__What is needed__:
Copy each line below exactly as it appears. Pictures are to be omitted.

Records from a dataset:
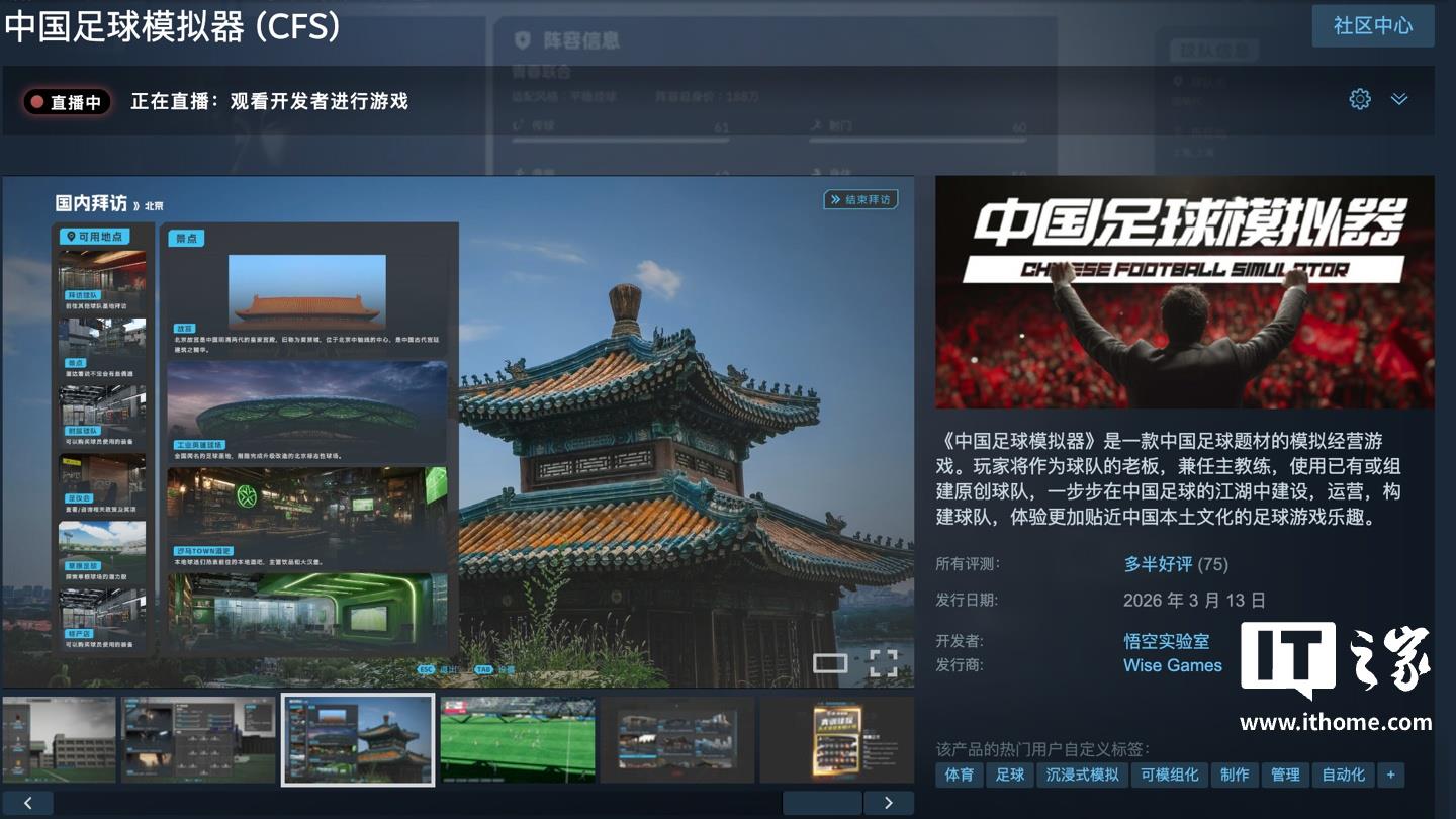 3月15日,《中国足球模拟器》上线Steam,国区售价38元,现在打9折,促销价34.2元,活动到3月23日结束。游戏目前评价为多半好评,感兴趣的朋友可以前往商店页了解:https://store.steampowered.com/app/3304320/_CFS/
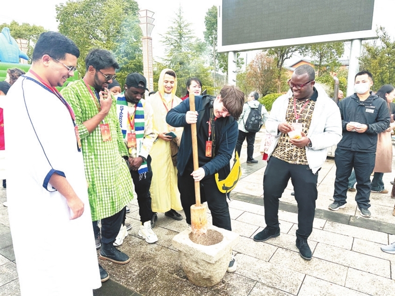 近日,赣南师范大学25名外籍师生受邀参加宁都县非遗文化旅游周系列活动,沉浸式体验赣南非遗客家民俗文化。图为师生现场打宁都肉丸。吴 翠摄
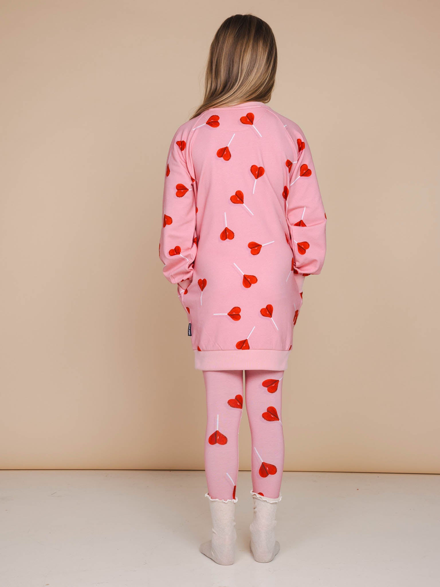 All jokes aside, this print of bright red heart lollipops on a pink background is just too much fun. Sweet, cheerful, and bursting with good vibes. Made from soft organic cotton. Whether you’re big or small, this will make every heart beat a little faster.
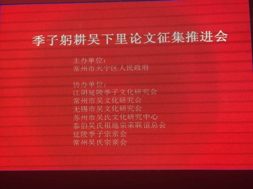 由常州市天寧區(qū)人民政府主辦,泰伯吳氏祖地宗親聯(lián)誼總會(huì)、延陵季子宗親會(huì)、常州吳氏宗親會(huì)、常州市吳文化研究會(huì)、無錫市吳文化研究會(huì)、蘇州市吳氏文化研究中心、江陰延陵季子文化研究會(huì)、常州市武進(jìn)季子文化研究會(huì)等協(xié)辦,將于年內(nèi)舉行”季子躬耕吳下里“論證會(huì)。
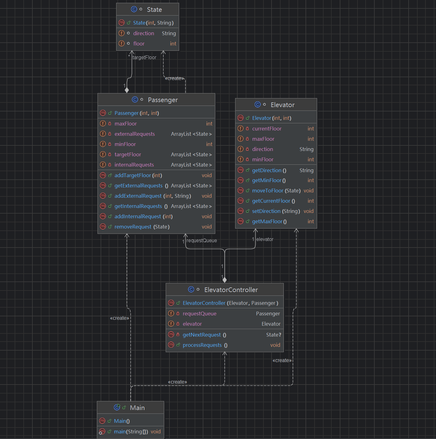 1.2.1题目要求:对之前电梯调度程序进行迭代性设计,目的为解决电梯类职责过多的问题,类设计要求遵循单一职责原则(SRP),要求必须包含但不限于设计电梯类、乘客请求类、队列类以及控制类。电梯运行规则与前阶段单类设计相同,但要处理如下情况:
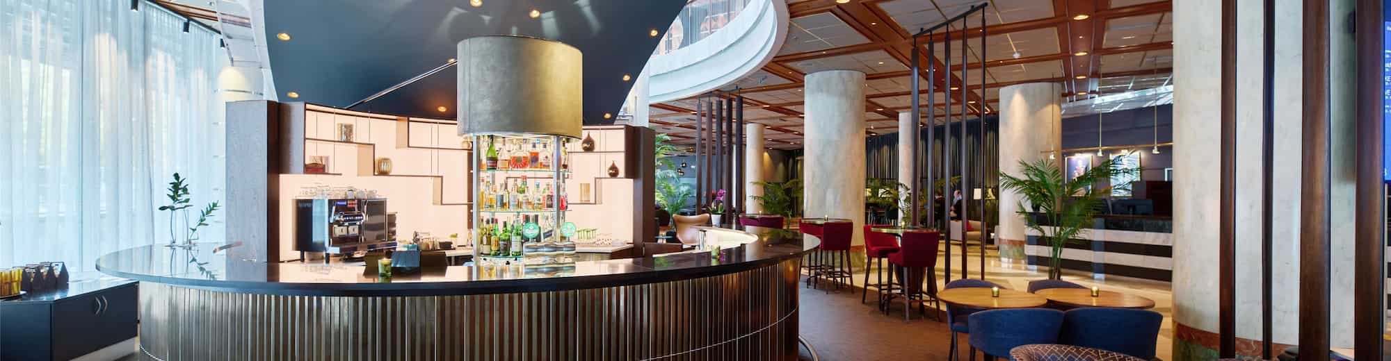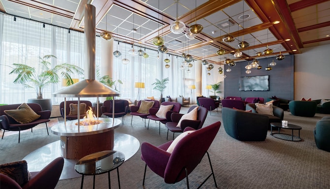 Enjoy a relaxing break with a wide selection of drinks and a tempting menu of lunch and dinner options at our lobby bar, conveniently located inside the hotel entrance. With a stylish interior design, our bar offers a welcoming atmosphere. Whether you're in the mood for a refreshing cocktail, a non-alcoholic beverage, or a delicious meal, there's something for everyone.
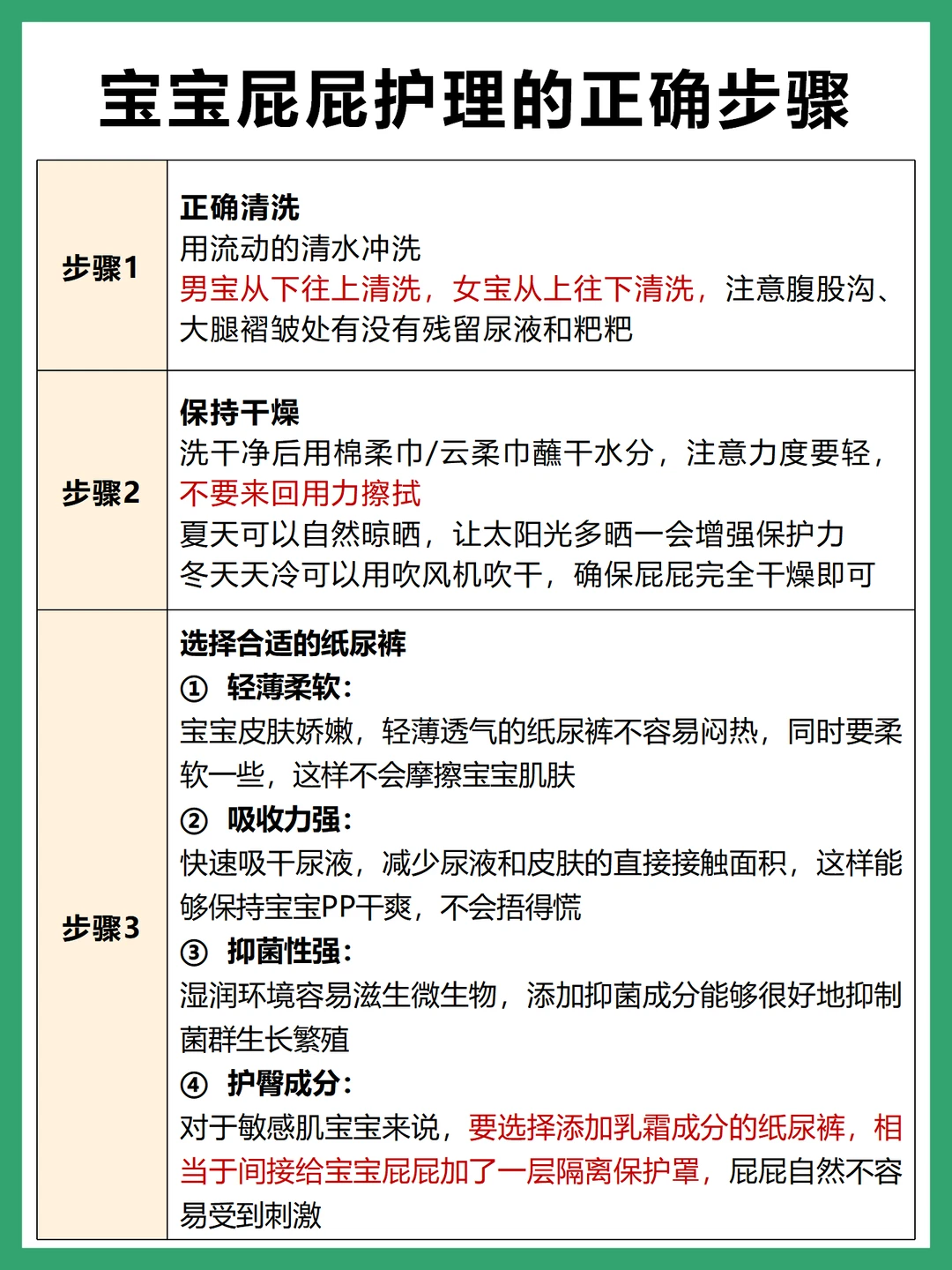 ✅选择合适的纸尿裤:透气、柔软、吸水性要好
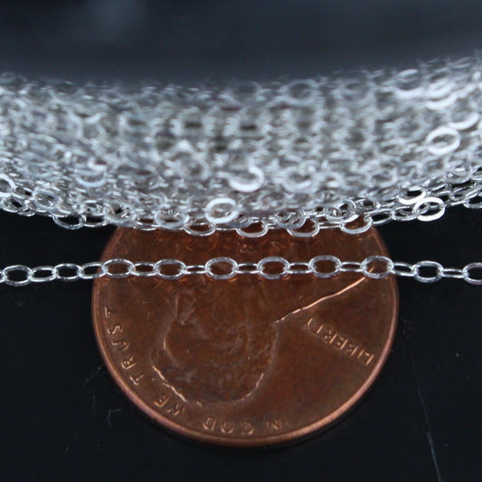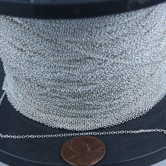 925 SOLID Sterling Silver Chain Bulk, 100 ft. of 925 Sterling Silver Little Tiny Flat Round Cable Chain - 1.6x1.25mm - SS16125
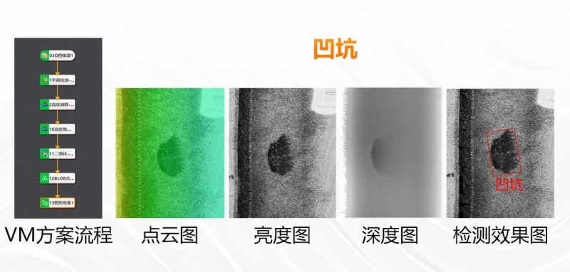 3D激光輪廓傳感器可有效識別缺陷、同時滿足生產節拍要求,完成全面檢測僅需旋轉一周。如下展示了鼓包、凹坑的實際測試圖像。

__Solution to the problem__:
 3月15日,《中国足球模拟器》上线Steam,国区售价38元,现在打9折,促销价34.2元,活动到3月23日结束。游戏目前评价为多半好评,感兴趣的朋友可以前往商店页了解:https://store.steampowered.com/app/3304320/_CFS/
 近日,赣南师范大学25名外籍师生受邀参加宁都县非遗文化旅游周系列活动,沉浸式体验赣南非遗客家民俗文化。图为师生现场打宁都肉丸。吴 翠摄
 All jokes aside, this print of bright red heart lollipops on a pink background is just too much fun. Sweet, cheerful, and bursting with good vibes. Made from soft organic cotton. Whether you’re big or small, this will make every heart beat a little faster.
 由常州市天寧區(qū)人民政府主辦,泰伯吳氏祖地宗親聯(lián)誼總會(huì)、延陵季子宗親會(huì)、常州吳氏宗親會(huì)、常州市吳文化研究會(huì)、無錫市吳文化研究會(huì)、蘇州市吳氏文化研究中心、江陰延陵季子文化研究會(huì)、常州市武進(jìn)季子文化研究會(huì)等協(xié)辦,將于年內(nèi)舉行”季子躬耕吳下里“論證會(huì)。
 1.2.1题目要求:对之前电梯调度程序进行迭代性设计,目的为解决电梯类职责过多的问题,类设计要求遵循单一职责原则(SRP),要求必须包含但不限于设计电梯类、乘客请求类、队列类以及控制类。电梯运行规则与前阶段单类设计相同,但要处理如下情况:
 Enjoy a relaxing break with a wide selection of drinks and a tempting menu of lunch and dinner options at our lobby bar, conveniently located inside the hotel entrance. With a stylish interior design, our bar offers a welcoming atmosphere. Whether you're in the mood for a refreshing cocktail, a non-alcoholic beverage, or a delicious meal, there's something for everyone.
 ✅选择合适的纸尿裤:透气、柔软、吸水性要好
 925 SOLID Sterling Silver Chain Bulk, 100 ft. of 925 Sterling Silver Little Tiny Flat Round Cable Chain - 1.6x1.25mm - SS16125
 3D激光輪廓傳感器可有效識別缺陷、同時滿足生產節拍要求,完成全面檢測僅需旋轉一周。如下展示了鼓包、凹坑的實際測試圖像。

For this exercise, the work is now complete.